Directions for this task: For the material below, the expected output is exactly the lines between the line holding "A fresh style" and the line holding "Features famous places", inclusive, with pictures left out.

Data to use:

+ + + + +

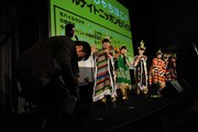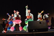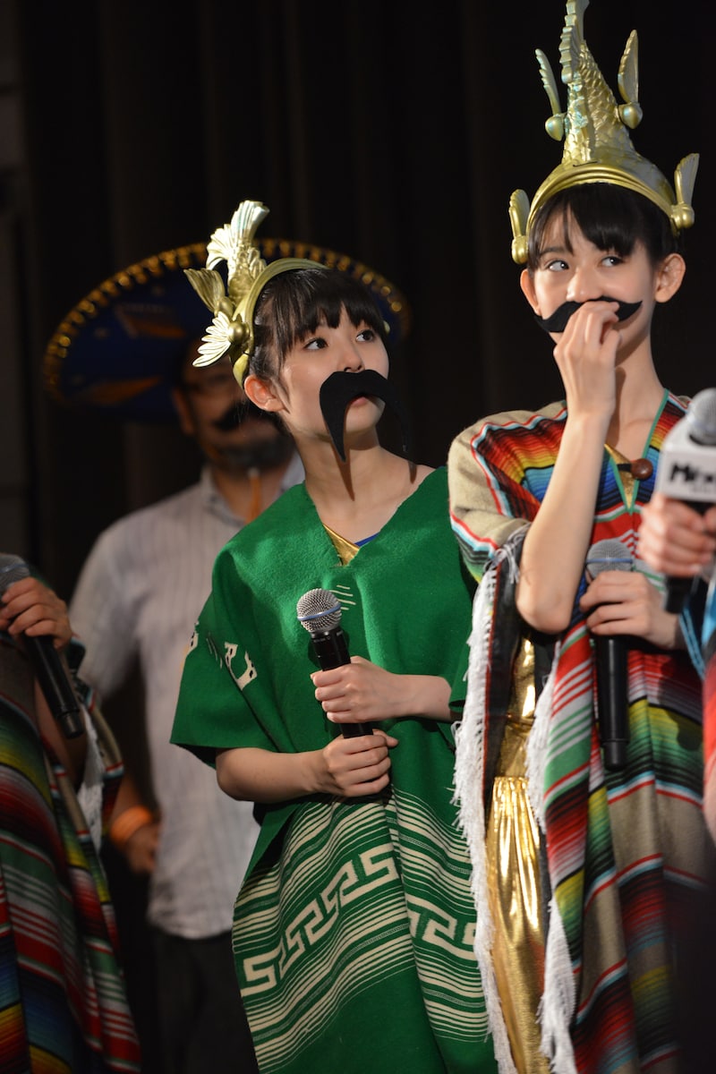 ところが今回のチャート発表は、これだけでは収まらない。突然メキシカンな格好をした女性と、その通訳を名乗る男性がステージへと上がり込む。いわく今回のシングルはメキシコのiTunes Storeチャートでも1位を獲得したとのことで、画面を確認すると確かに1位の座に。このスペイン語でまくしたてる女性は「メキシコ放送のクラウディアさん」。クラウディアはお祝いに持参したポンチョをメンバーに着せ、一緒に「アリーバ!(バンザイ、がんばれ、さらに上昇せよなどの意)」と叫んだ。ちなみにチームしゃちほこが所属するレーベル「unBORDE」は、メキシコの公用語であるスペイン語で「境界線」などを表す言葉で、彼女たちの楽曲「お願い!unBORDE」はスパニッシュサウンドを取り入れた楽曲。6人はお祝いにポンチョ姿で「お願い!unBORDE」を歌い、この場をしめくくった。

+ + + + +

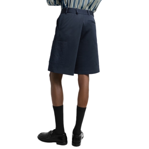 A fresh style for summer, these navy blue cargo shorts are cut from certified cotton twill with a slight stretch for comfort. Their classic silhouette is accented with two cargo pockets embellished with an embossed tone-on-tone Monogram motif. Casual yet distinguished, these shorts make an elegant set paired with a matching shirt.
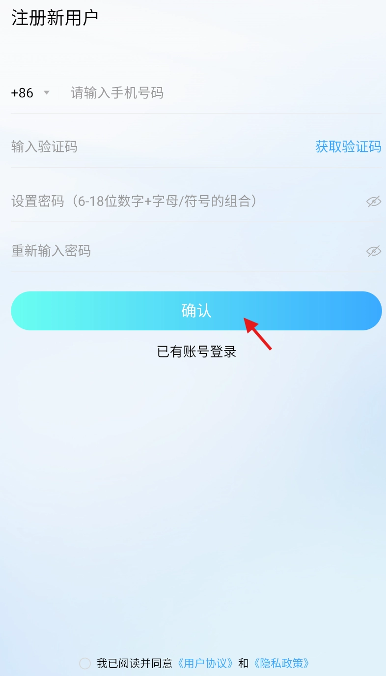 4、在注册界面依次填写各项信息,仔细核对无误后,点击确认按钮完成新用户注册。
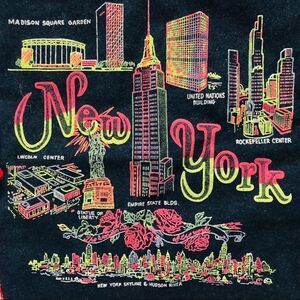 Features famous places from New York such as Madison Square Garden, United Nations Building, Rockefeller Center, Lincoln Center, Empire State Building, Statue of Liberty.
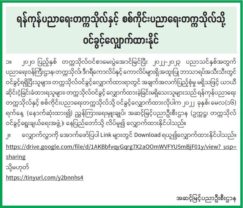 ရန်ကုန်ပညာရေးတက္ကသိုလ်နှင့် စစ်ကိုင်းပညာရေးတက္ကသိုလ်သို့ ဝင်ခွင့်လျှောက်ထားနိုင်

+ + + + +

Solved exercise:
 A fresh style for summer, these navy blue cargo shorts are cut from certified cotton twill with a slight stretch for comfort. Their classic silhouette is accented with two cargo pockets embellished with an embossed tone-on-tone Monogram motif. Casual yet distinguished, these shorts make an elegant set paired with a matching shirt.
 4、在注册界面依次填写各项信息,仔细核对无误后,点击确认按钮完成新用户注册。
 Features famous places from New York such as Madison Square Garden, United Nations Building, Rockefeller Center, Lincoln Center, Empire State Building, Statue of Liberty.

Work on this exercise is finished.